I’m sure these are not new thoughts for the world, but . . . well, there it is.  Logic is illogical!  Don’t ask me why!  Let me know if you have heard of any philosophers who have had similar thoughts, as I should very much like to read about them.  There’s gotta be someone out there, some form of thought I haven’t heard of yet…

On an unphilosophical note, I had a weird dream a few nights ago.  Near the end of it, a bunch of people gave me a bunch of presents, and it wasn’t my birthday or Christmas or anything.  Being quite astounded at my good fortune, I thought “this must be a dream!  I’m going to wake myself up!” and with some strange mysterious semi-lucid mental process, I awoke myself.  It was like my uncontrollable subconscious willingly giving control back to the my real conscious self.  It was a really strange strange experience.

I call the blog “Blather” so I can blather ya know!

That’s all for now.  Oh, in case you missed it, I posted a YouTube video a few days ago right here.  It’s a piece I’m hoping will be on my first album, which I’m hoping will be finished this year.


2 Comments

LanthonyS · May 5, 2009 at 6:40 AM

And a logical progression assumes the universe is totally deterministic and comes out the same way every time! 🙂

For deep thoughts on the matter, see

http://www.qwantz.com/comics/comic2-1190.png

S P Hannifin · May 5, 2009 at 2:55 PM

Thanks for the comment!!

I think that’s a separate issue; even if it weren’t deterministic, I think most humans would reject the notion that things happen for no reason at all. And, if one did accept that notion, logic would simply be a line that has a starting point, but that doesn’t make the line complete, that’s just a form of giving up, and not asking “why?” anymore.

Perhaps the real issue is thinking that the world has to be either deterministic or not, which gets into that whole “how we perceive time” issue. The past is unchangeable, the present is so infinitely short we can hardly consider, and the future can only be considered by imagination. Non-deterministic thought says “it can be changed” … but what’s really being changed? It doesn’t exist yet! Deterministic thought says “it’s already determined, and it already factors in what everyone thinks about it. Just because we can’t guess what it will be only shows how complex the world is” and so the future becomes only an uncertainty, a figment of the imagination once again, because whatever is really is hasn’t come into existence yet. So what’s really the difference between the two schools of thought? Neither change the past or present, or make the future any more knowable.
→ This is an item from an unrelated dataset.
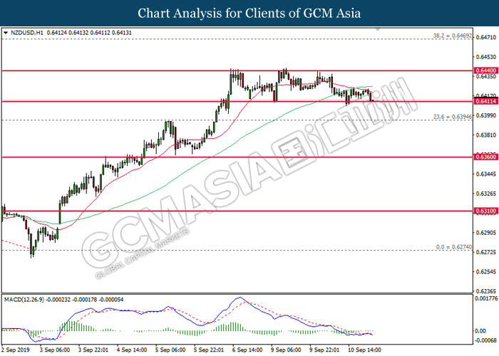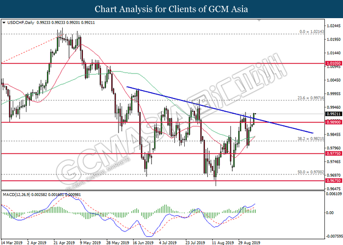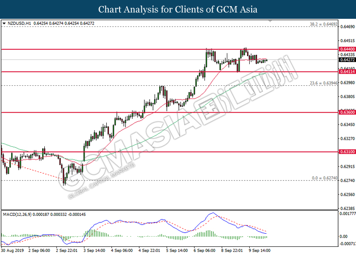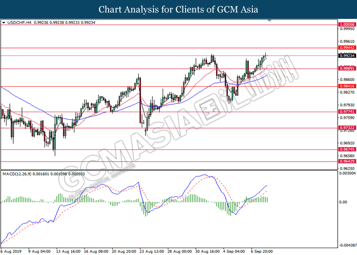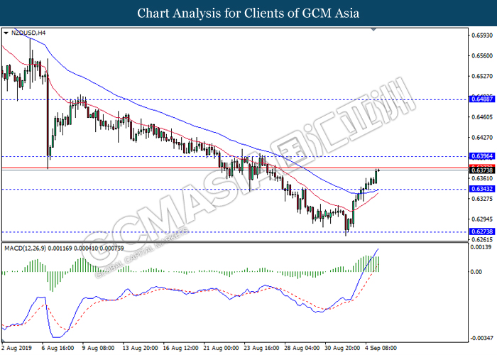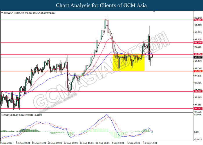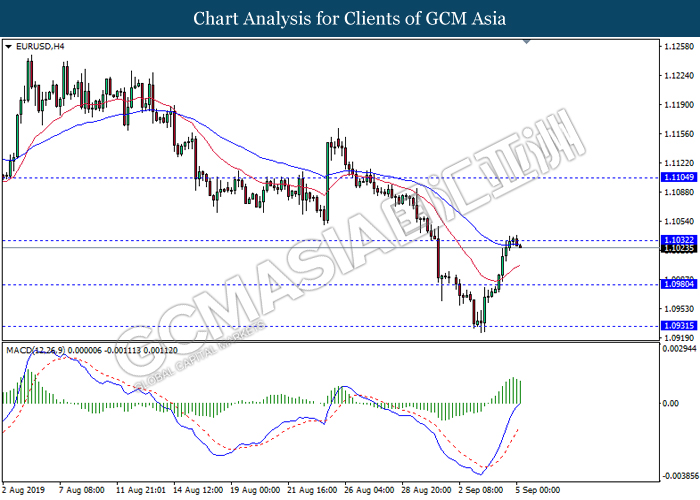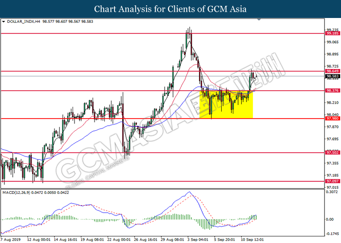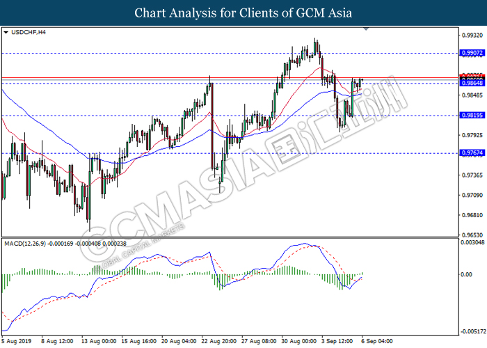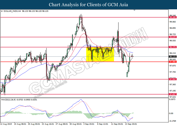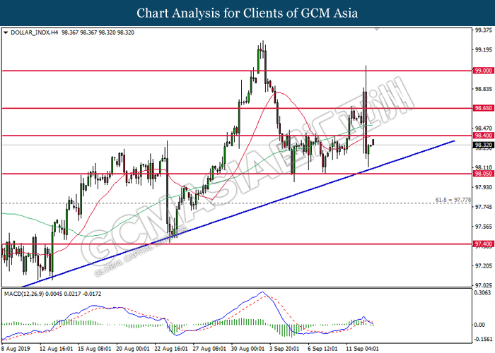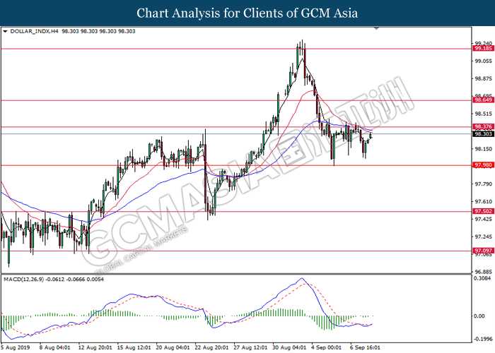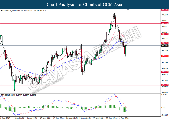 Dollar index which gauge its value against a basket of six major currencies rebounds from its one week low level amid easing in trade war and optimistic economic data been released last night. As a good predictor on gauging the Federal Reserve future stance, both ADP Nonfarm Employment Change and ISM Non-Manufacturing data came in at 195K and 56.4 respectively, beating the economist forecast of 148K and 54.0, dragged down the possibility of extending interest rate cut. Both data indicating that US economy is still remain resilient, labor market is still growing at healthy pace as compare to previous month, seemingly US did not affected as bad as market foresee despite recent tariff imposition and global weakness. Besides, the gains of dollar index dragged up more following improvement of trade sentiment between US and China. According to The Guardian, two largest economy bodies have agreed to reopen their trade talk next month as their concern over tariff imposition could push the global economy but not limited to both countries into recession. After a phone call on yesterday, they have decided to hold a senior level of meeting in early October while two countries will continue to hold discussions along the time to prepare for the talks. As of writing, dollar index rose 0.02% to 98.35.

You say “comes out the same every time” but there’s only one time, or perhaps really no time at all. The dinosaur’s computer does not atomically boot-up in exactly the same way every time; atoms, electrons, very small particles, are each in different positions and they will determine whether or not the soundcard will be detected. That the computer sometimes does and doesn’t detect the soundcard says nothing about whether or not the world is deterministic. Neither does our own incomplete knowledge, for we can understand how complex the world can be at the quantum level enough to know that we don’t have the power to simulate it.